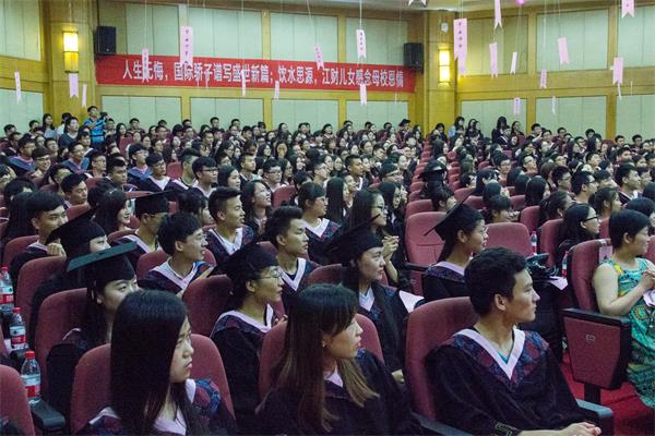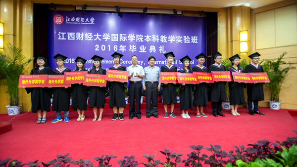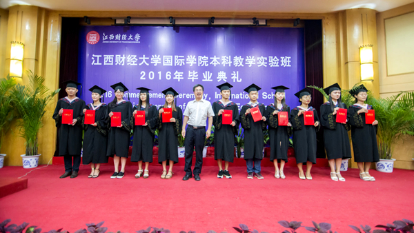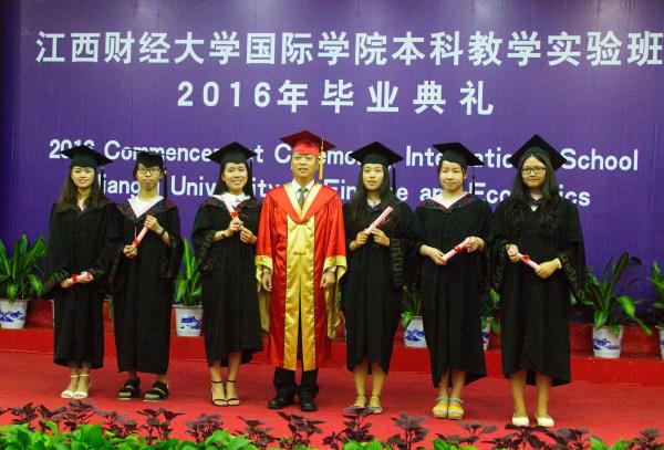 6月28日下午,国际学院2016年本科生毕业典礼在国际学术交流报告厅隆重举行。校长王乔、副校长蒋金法、纪委书记杨建林、副校长王小平、校长助理李良智出席典礼。在党办校办、宣传部、学工部、校团委、校友办、会计学院、国际经贸学院、金融学院的相关负责人、国际学院全体教职员工、2016届全体班主任、家长代表及任课教师代表的共同见证下,国际学院2016届毕业生们为四年本科时光画上一个完满句号,开启了他们奔赴社会的新篇章。
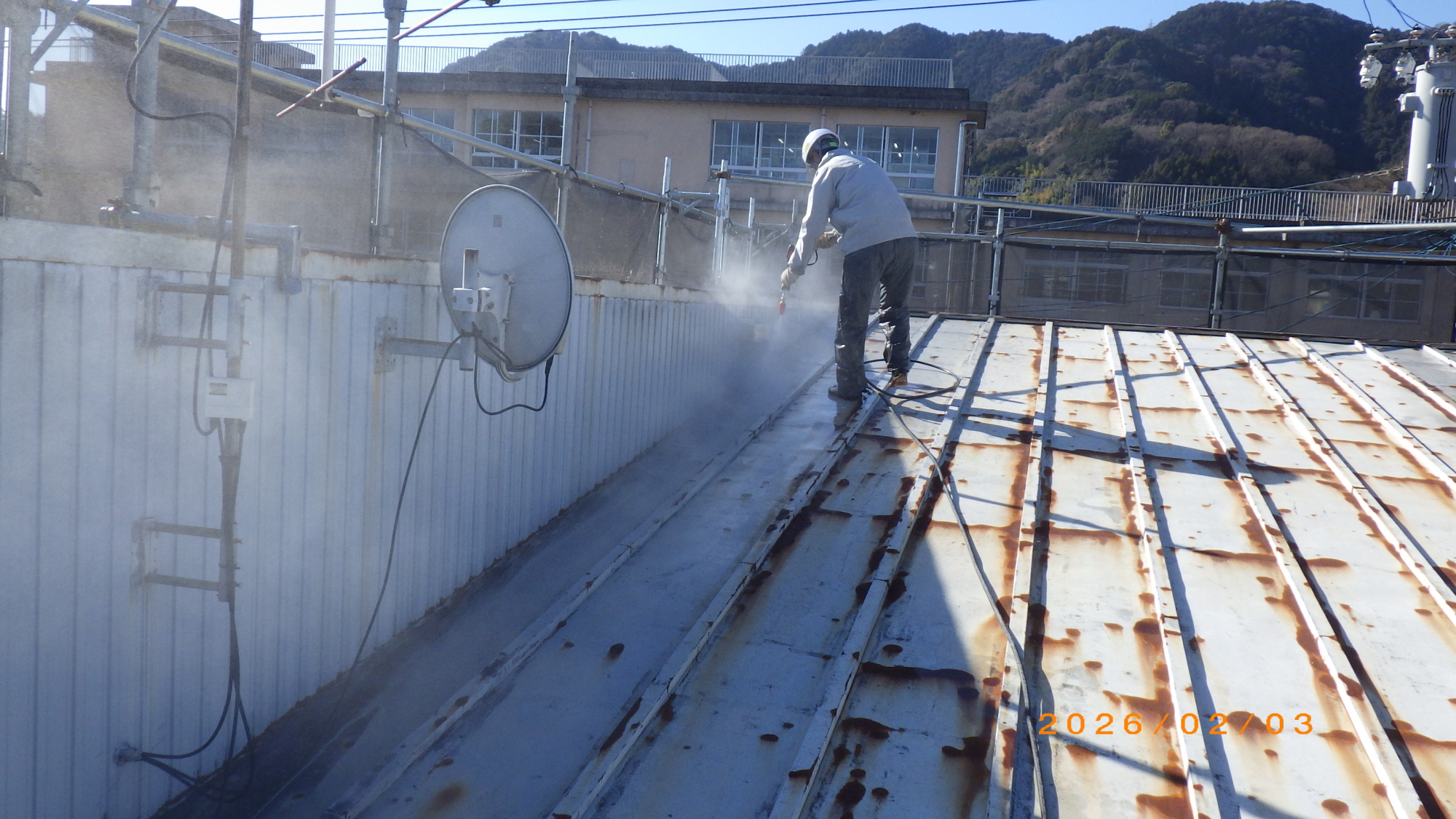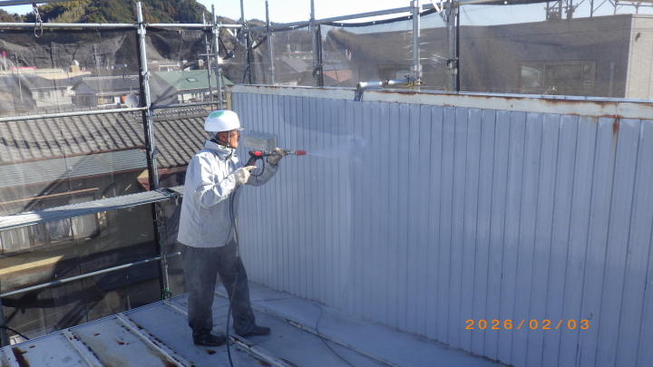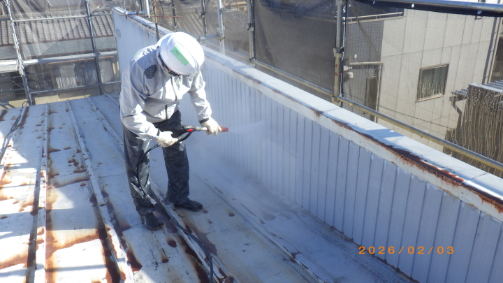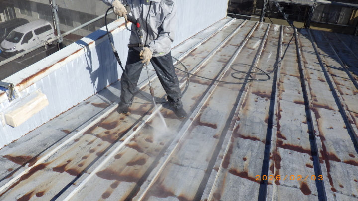 屋根トタン洗浄作業施工中
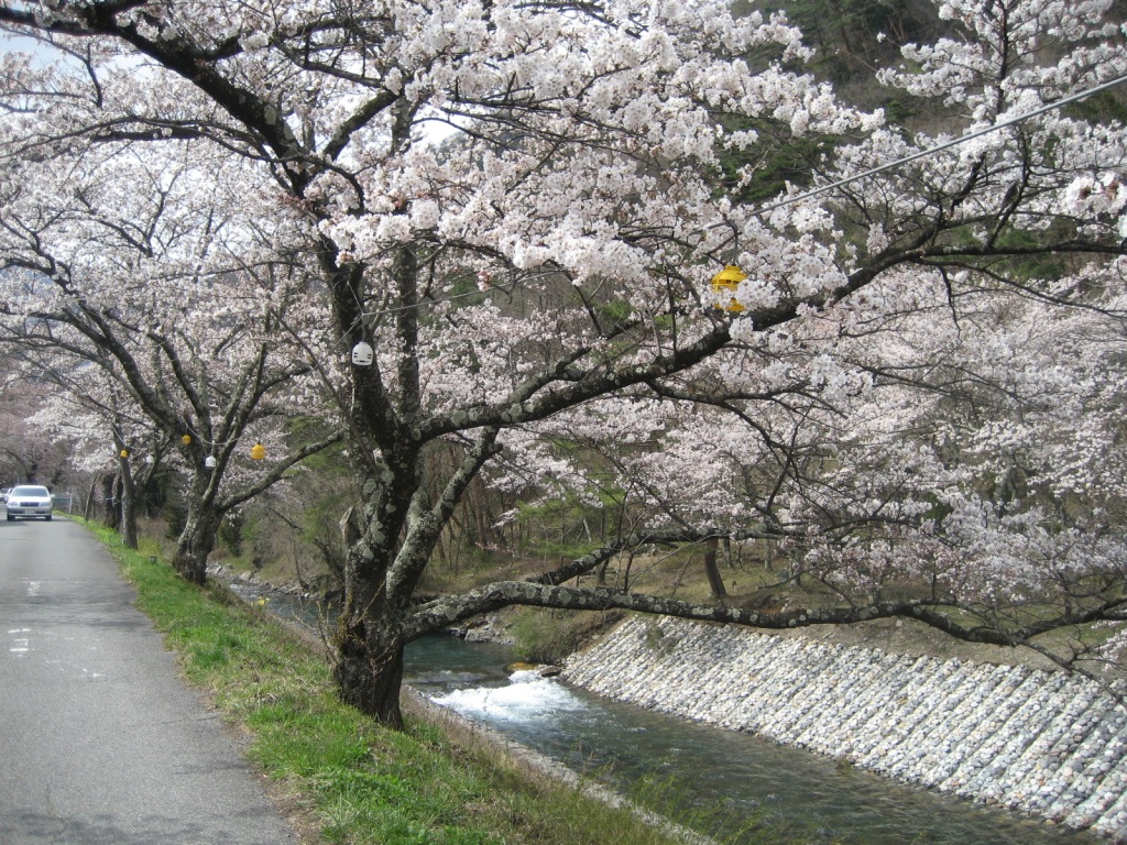 松本市安曇、島々谷川堤防の桜です。この桜は昭和20年に発生した土石流災害の後、植えられました。50年以上経た桜の木は巨木となり鮮やかな花を咲かせています。
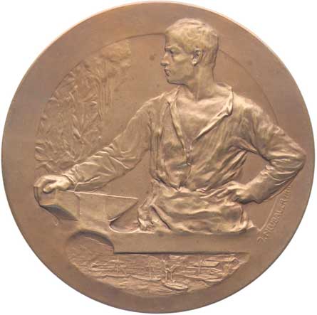 Dvě stojící alegorické postavy / 5řádk.nápis a opis ve věnci Sign., Pozlac.bronz 58 mm |
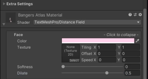11. In the Inspector, below Extra Settings, expand the triangle for Bangers Atlas Material, and then in the setting labelled Face, change Color to light pink and change the Dilate value to 0.5 (Figure 20). Doing this will make the title appear fuller and get letters to overlap.
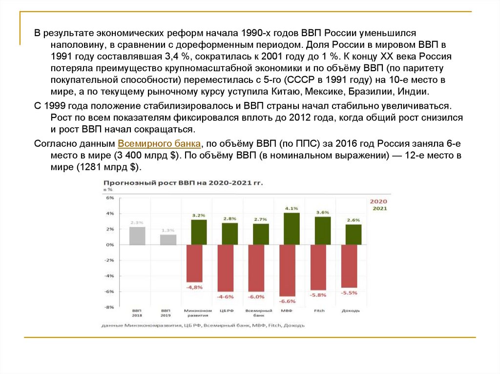 В результате экономических реформ начала 1990-х годов ВВП России уменьшилсянаполовину, в сравнении с дореформенным периодом. Доля России в мировом ВВП в
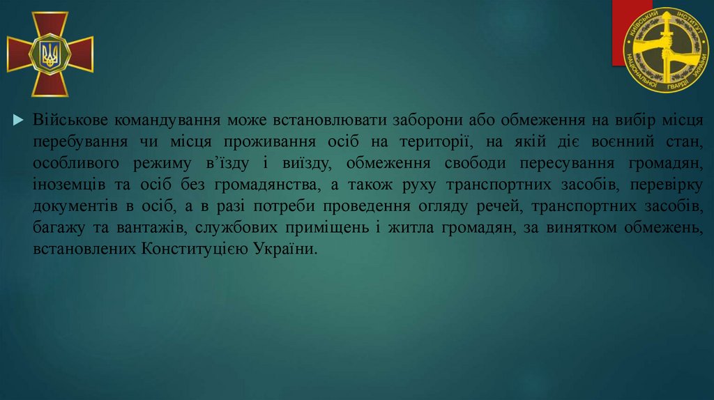 Суспільні роботиНа території, на якій введено воєнний стан, військове командування разом з іншими
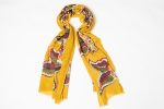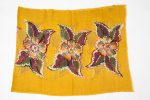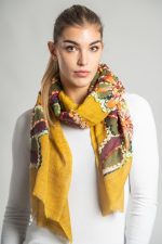 Sciarpa ricamata a mano su fondo giallo senape, decorata con grandi fiori stilizzati nei toni bordeaux, verde oliva, arancio e avorio. I profili ricamati punto per punto valorizzano il motivo e aggiungono luce, creando un effetto caldo e armonioso.
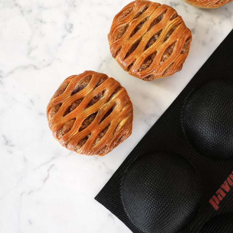 Innowacyjne połączenie materiałów zapewnia kontrolowane przewodzenie temperatury. Pozwala to na skrócenie czasu chłodzenia. Wzmocniona konstrukcja materiału zachowuje elastyczność nawet w niskich temperaturach. Materiał form zapewnia szybką i równomierną wymianę ciepła. Formy idealnie sprawdzają się do wypieku produktów drożdżowych, ciast, ciastek wiedeńskich, kruchego ciasta oraz innych słodkich i wytrawnych wyrobów. Konstrukcja form optymalizuje jakość produktu końcowego, zapewniając równomierny stopień wypieczenia i zarumienienia na całej powierzchni. Dodatkowo formy zachowują swój kształt nawet podczas najbardziej intensywnych procesów produkcyjnych.

################

### [Instructions to follow]
Leave the pictures out, and transcribe exactly the lines above starting at the one that contains "В результате экономических" and ending at the one that contains "Sciarpa ricamata a".

### [Answer for the task]
 В результате экономических реформ начала 1990-х годов ВВП России уменьшилсянаполовину, в сравнении с дореформенным периодом. Доля России в мировом ВВП в
 Суспільні роботиНа території, на якій введено воєнний стан, військове командування разом з іншими
 Sciarpa ricamata a mano su fondo giallo senape, decorata con grandi fiori stilizzati nei toni bordeaux, verde oliva, arancio e avorio. I profili ricamati punto per punto valorizzano il motivo e aggiungono luce, creando un effetto caldo e armonioso.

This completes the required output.